* _Task statement_: Which lines run from the line with "Zeichnung/Illustration/Holzstich – – –" to the end of the entries? Write out exactly those, leaving out the pictures.

BEGIN Records for the task

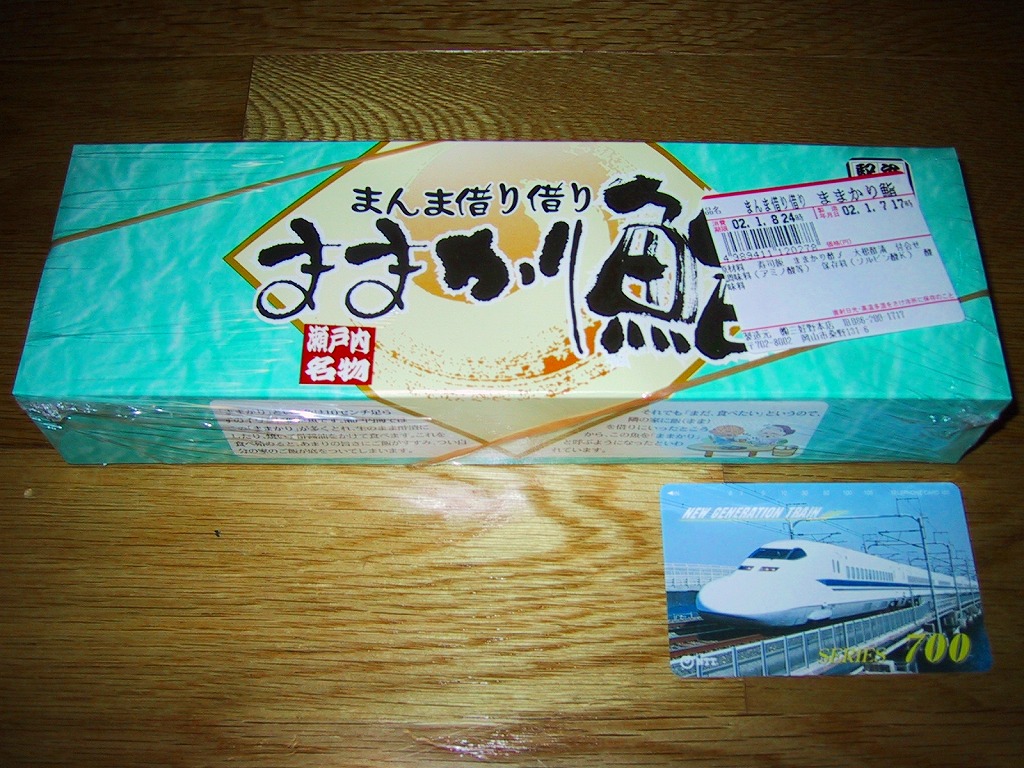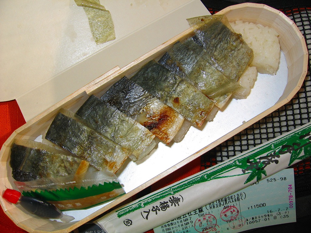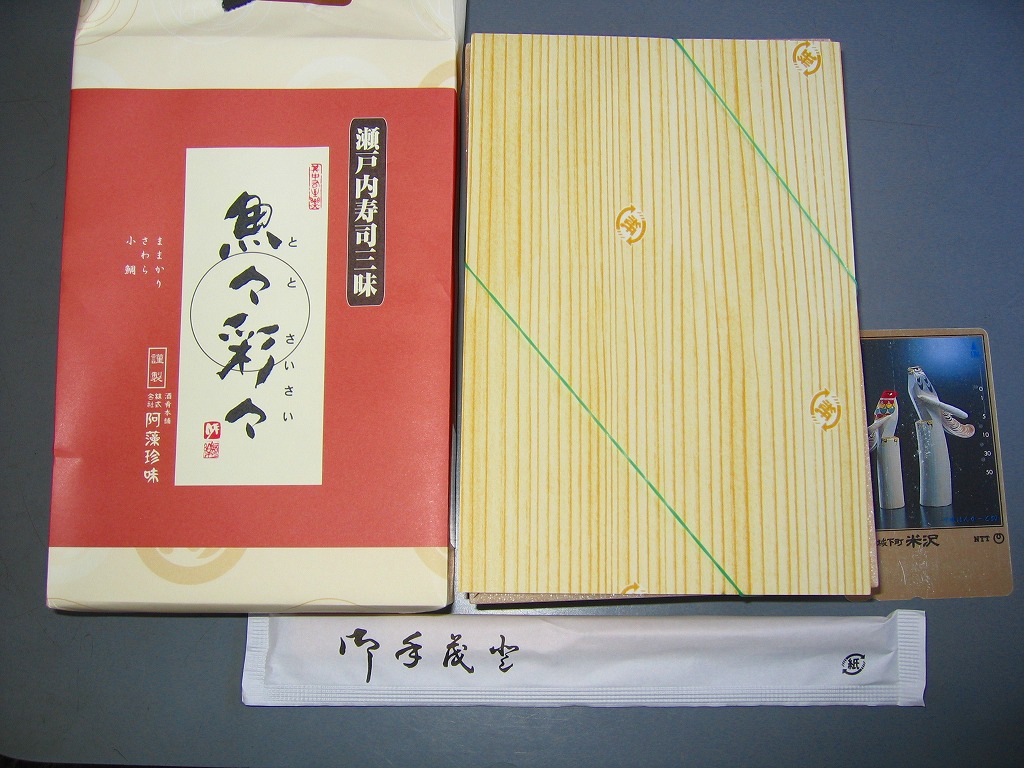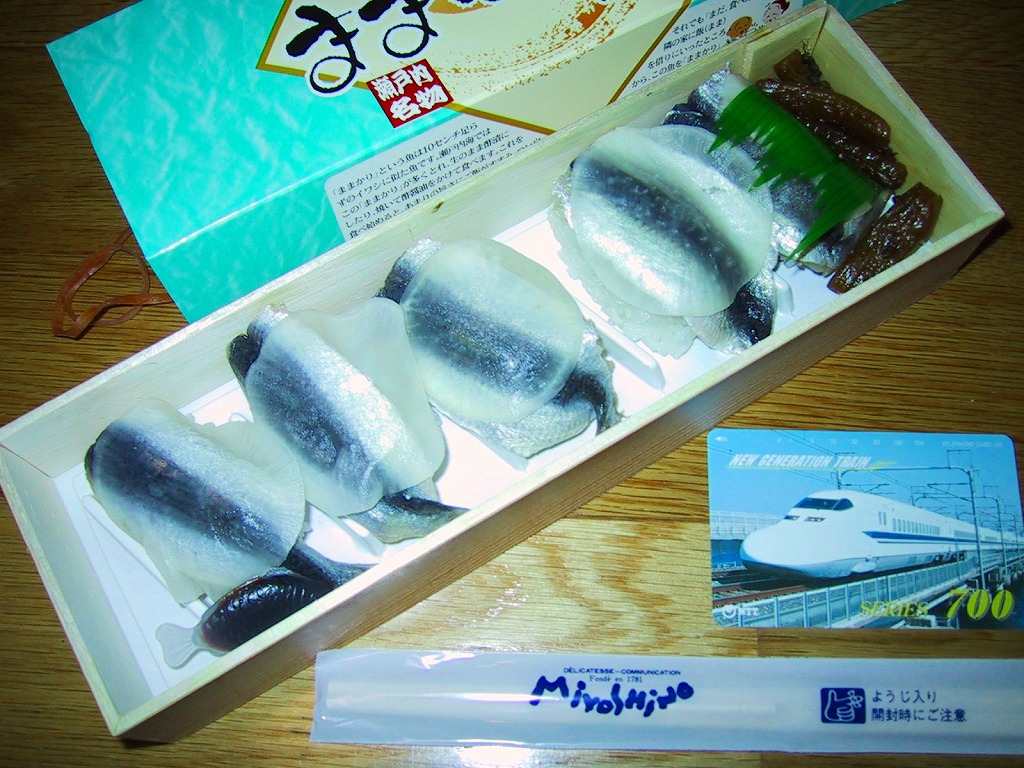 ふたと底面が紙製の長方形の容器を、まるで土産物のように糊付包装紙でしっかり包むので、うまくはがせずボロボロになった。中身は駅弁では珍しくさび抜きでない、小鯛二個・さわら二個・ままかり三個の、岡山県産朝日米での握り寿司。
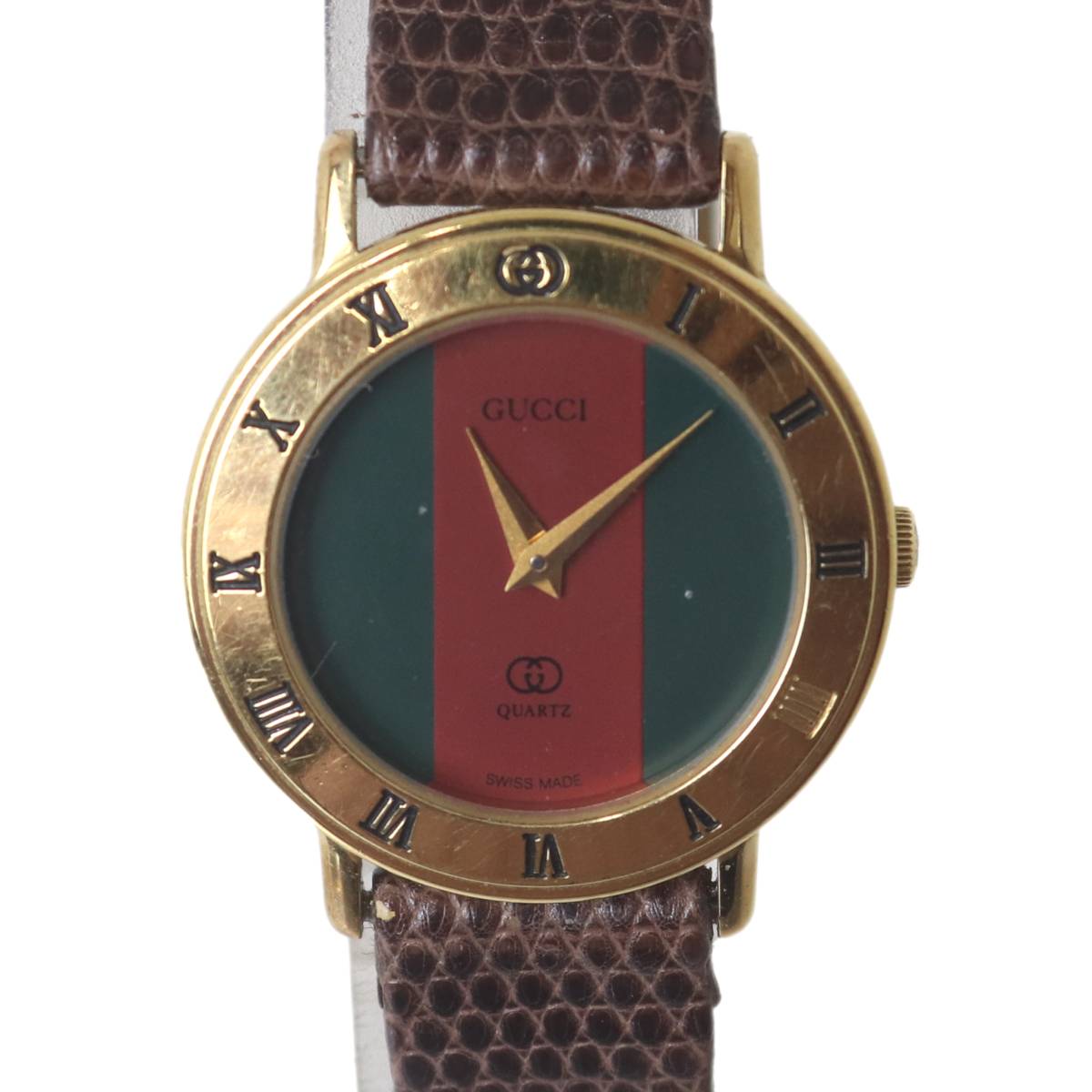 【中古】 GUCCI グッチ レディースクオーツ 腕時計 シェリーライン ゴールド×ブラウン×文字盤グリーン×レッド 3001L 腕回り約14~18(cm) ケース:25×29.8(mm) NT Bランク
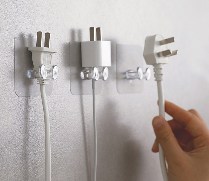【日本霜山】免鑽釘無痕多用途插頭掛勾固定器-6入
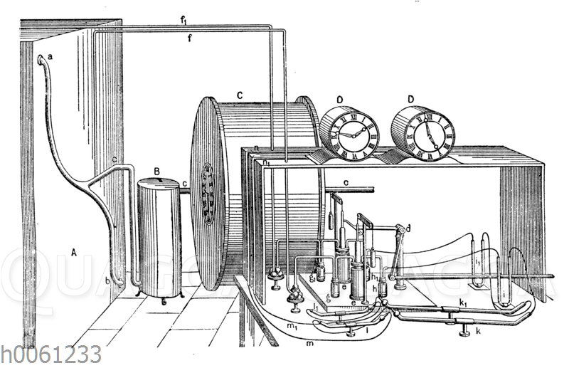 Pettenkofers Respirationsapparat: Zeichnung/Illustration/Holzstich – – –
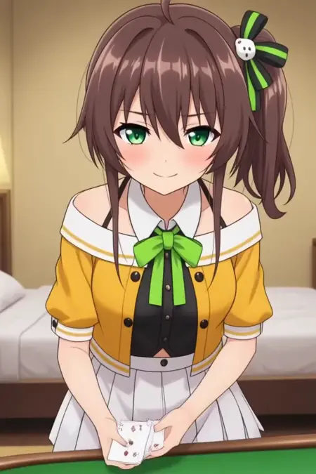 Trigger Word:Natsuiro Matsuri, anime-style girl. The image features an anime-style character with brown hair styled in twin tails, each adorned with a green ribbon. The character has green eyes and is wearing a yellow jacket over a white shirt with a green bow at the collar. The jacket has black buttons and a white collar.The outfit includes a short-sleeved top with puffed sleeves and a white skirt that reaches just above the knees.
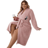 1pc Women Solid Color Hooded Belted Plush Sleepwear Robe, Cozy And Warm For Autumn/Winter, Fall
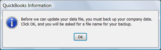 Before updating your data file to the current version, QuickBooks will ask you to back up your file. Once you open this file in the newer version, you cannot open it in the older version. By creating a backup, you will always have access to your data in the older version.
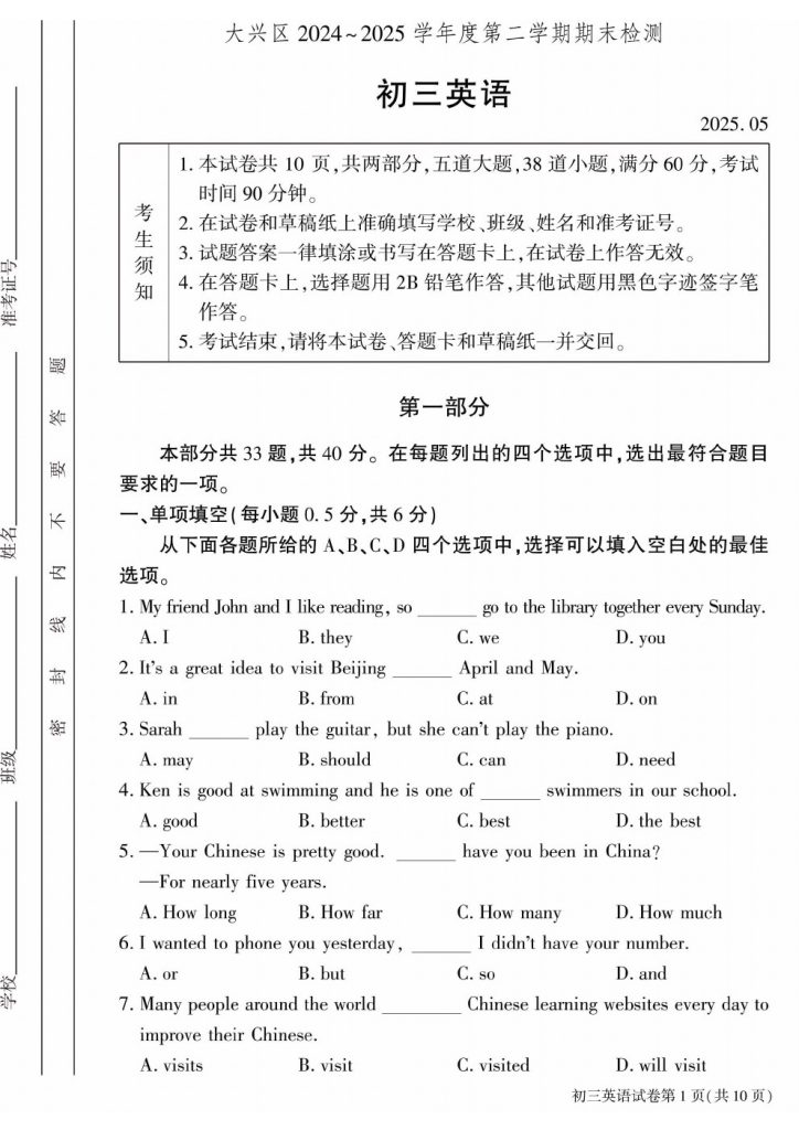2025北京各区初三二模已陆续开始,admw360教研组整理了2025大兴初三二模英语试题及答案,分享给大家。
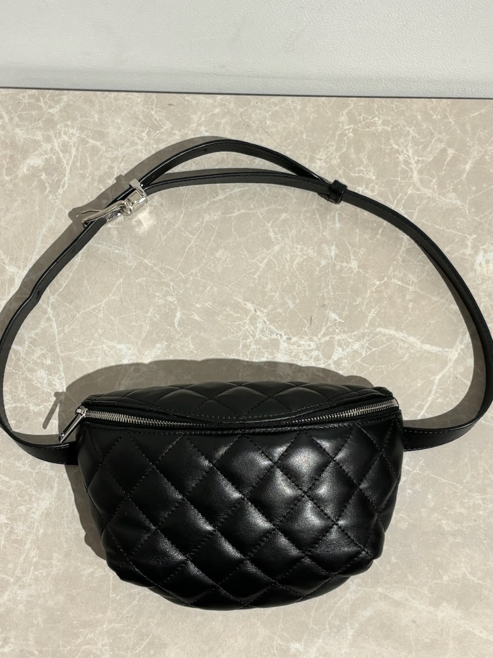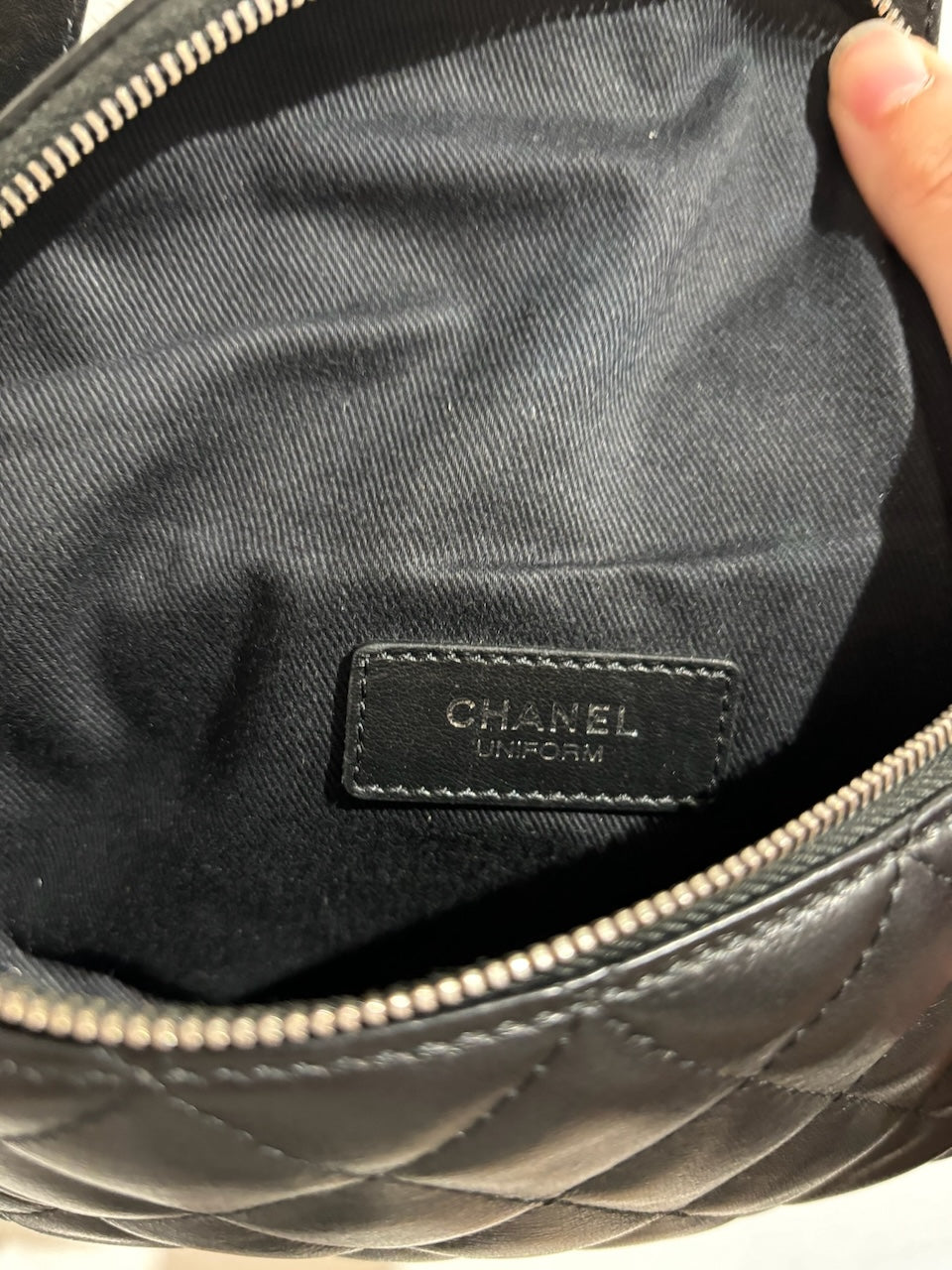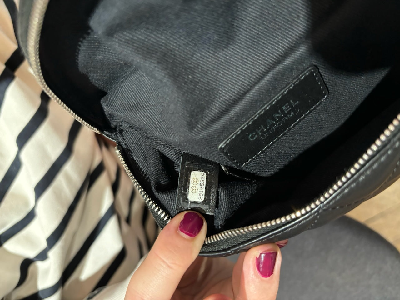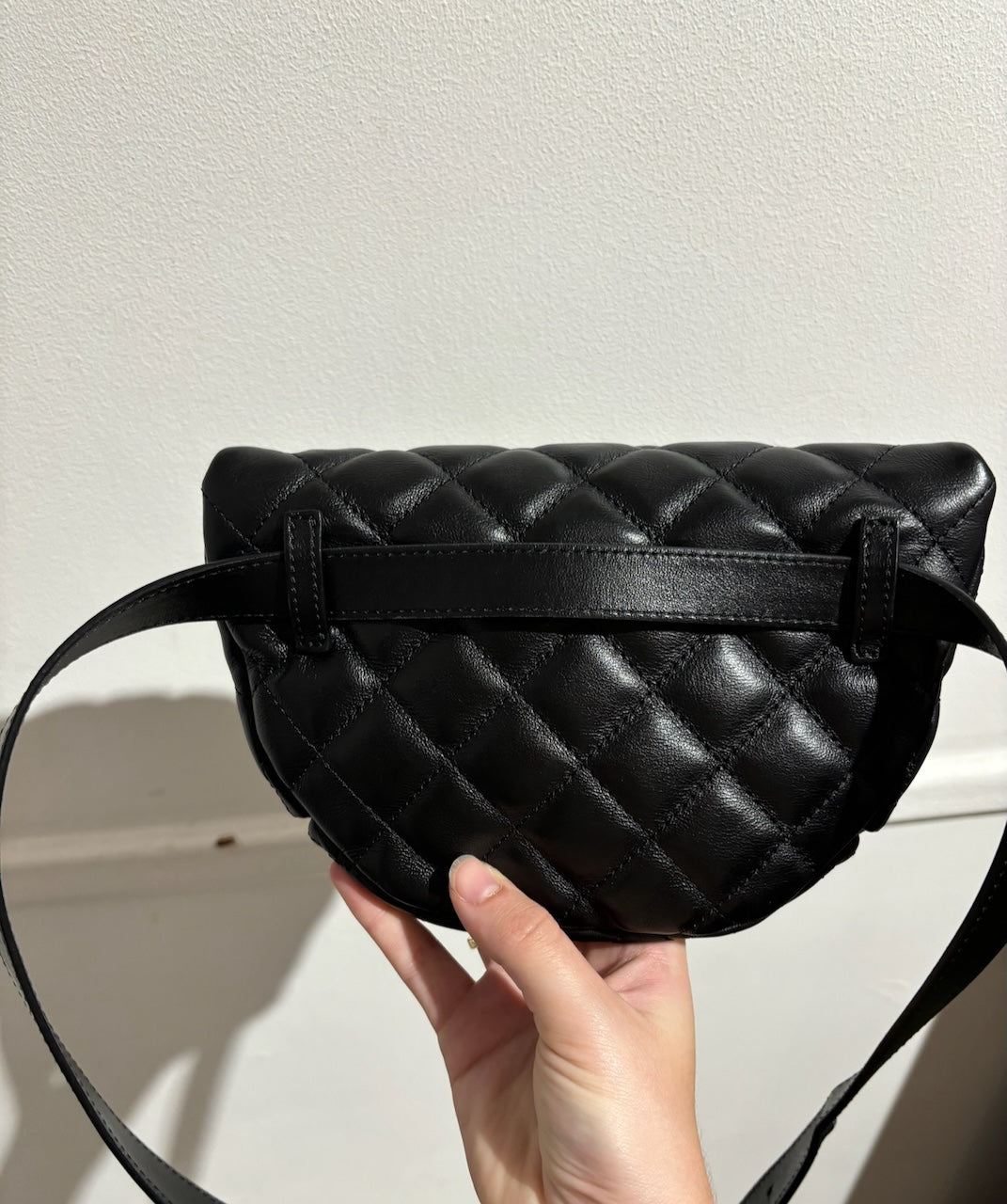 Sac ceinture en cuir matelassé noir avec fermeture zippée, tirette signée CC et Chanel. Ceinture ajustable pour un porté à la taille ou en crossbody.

END Records for the task

* _Response box_:
 Pettenkofers Respirationsapparat: Zeichnung/Illustration/Holzstich – – –
 Trigger Word:Natsuiro Matsuri, anime-style girl. The image features an anime-style character with brown hair styled in twin tails, each adorned with a green ribbon. The character has green eyes and is wearing a yellow jacket over a white shirt with a green bow at the collar. The jacket has black buttons and a white collar.The outfit includes a short-sleeved top with puffed sleeves and a white skirt that reaches just above the knees.
 1pc Women Solid Color Hooded Belted Plush Sleepwear Robe, Cozy And Warm For Autumn/Winter, Fall
 Before updating your data file to the current version, QuickBooks will ask you to back up your file. Once you open this file in the newer version, you cannot open it in the older version. By creating a backup, you will always have access to your data in the older version.
2025北京各区初三二模已陆续开始,admw360教研组整理了2025大兴初三二模英语试题及答案,分享给大家。
 Sac ceinture en cuir matelassé noir avec fermeture zippée, tirette signée CC et Chanel. Ceinture ajustable pour un porté à la taille ou en crossbody.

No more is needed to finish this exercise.